Most ex­ist­ing fore­cast­ing or eval­u­a­tion plat­form ques­tions are for very clearly ver­ifi­able ques­tions:

  • “Who will win the next elec­tion?”

  • “How many cars will Tesla sell in 2030?”

  • “How many jelly beans are in this jar?”

But many of the ques­tions we care about are do not look like this. They might…

  • Be severely un­der­speci­fied, e.g. “How much should we charge this cus­tomer for this vague fea­ture re­quest?”

  • In­volve value judge­ments, e.g. “What is the op­ti­mum prison sen­tence for this con­vict?”, “How much does this plain­tiff de­serve for pain and suffer­ing?”

  • Not have a clear stop­ping point, e.g. “What is the rel­a­tive effec­tive­ness of AI safety re­search vs. bio risk re­search?”

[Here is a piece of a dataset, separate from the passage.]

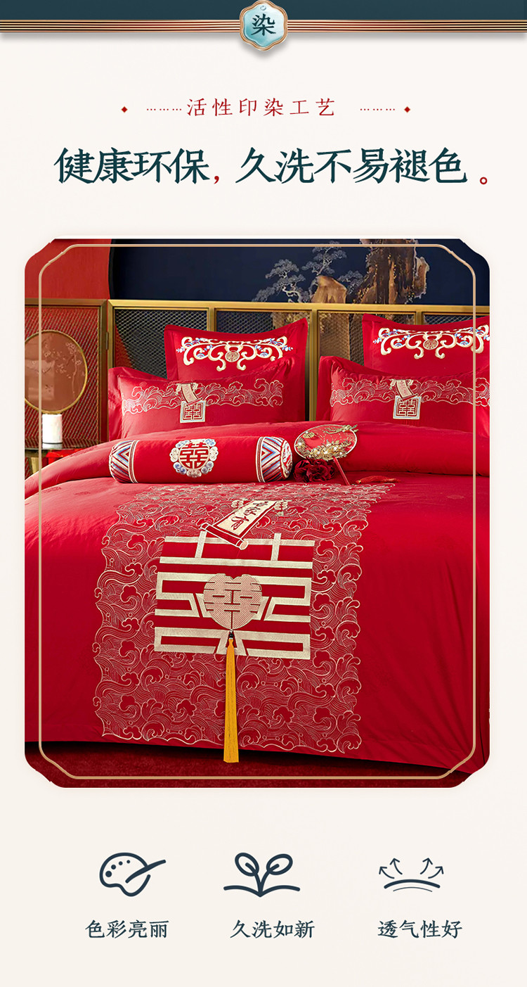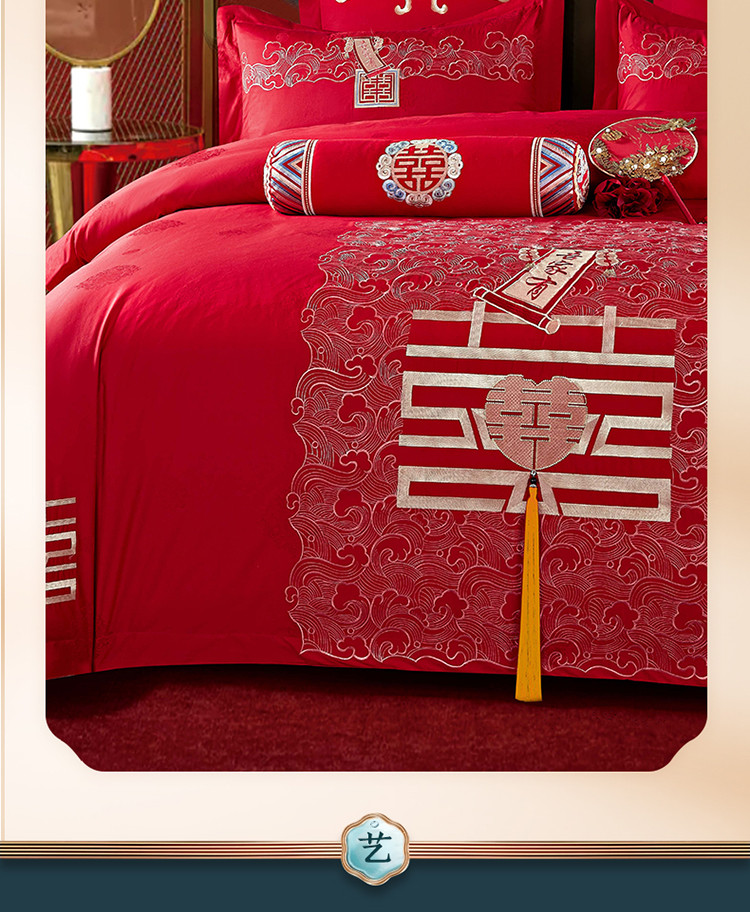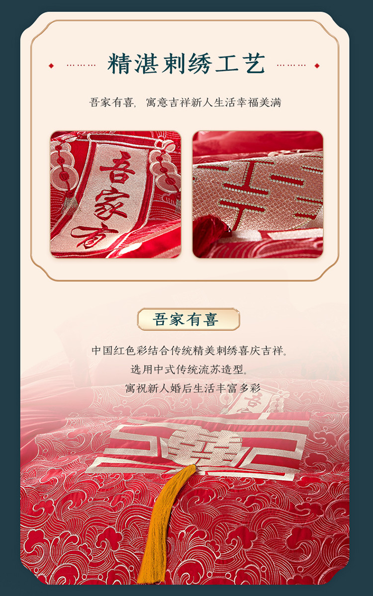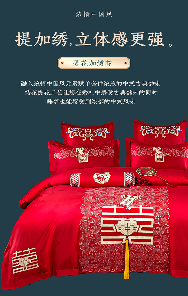 当前位置: 91家纺网 > 商品网购 > 床品套件 > 四件套 > 婚庆四件套 > 2025新款120S全棉刺绣贡缎提花婚庆四件套多件套吾家有喜

  • Re­quire mul­ti­ple steps in­stead of a yes/​no or nu­mer­i­cal an­swer, e.g. “What treat­ment is ap­pro­pri­ate for this pa­tient with pre­can­cer­ous cells?”

  • Not have good refer­rents, e.g. “What is the mar­ket size for this com­pletely new tech?”

An en­tity who could an­swer these ques­tions well would be a very valuable as­set. But what does well even mean here? We want peo­ple to be ac­cu­rate, of course, but in many cases we also need their pre­dic­tions/​eval­u­a­tions to be con­sis­tent to be ac­tion­able. This is es­pe­cially true when fair­ness norms are in play, such as pric­ing[1] and prison sen­tenc­ing.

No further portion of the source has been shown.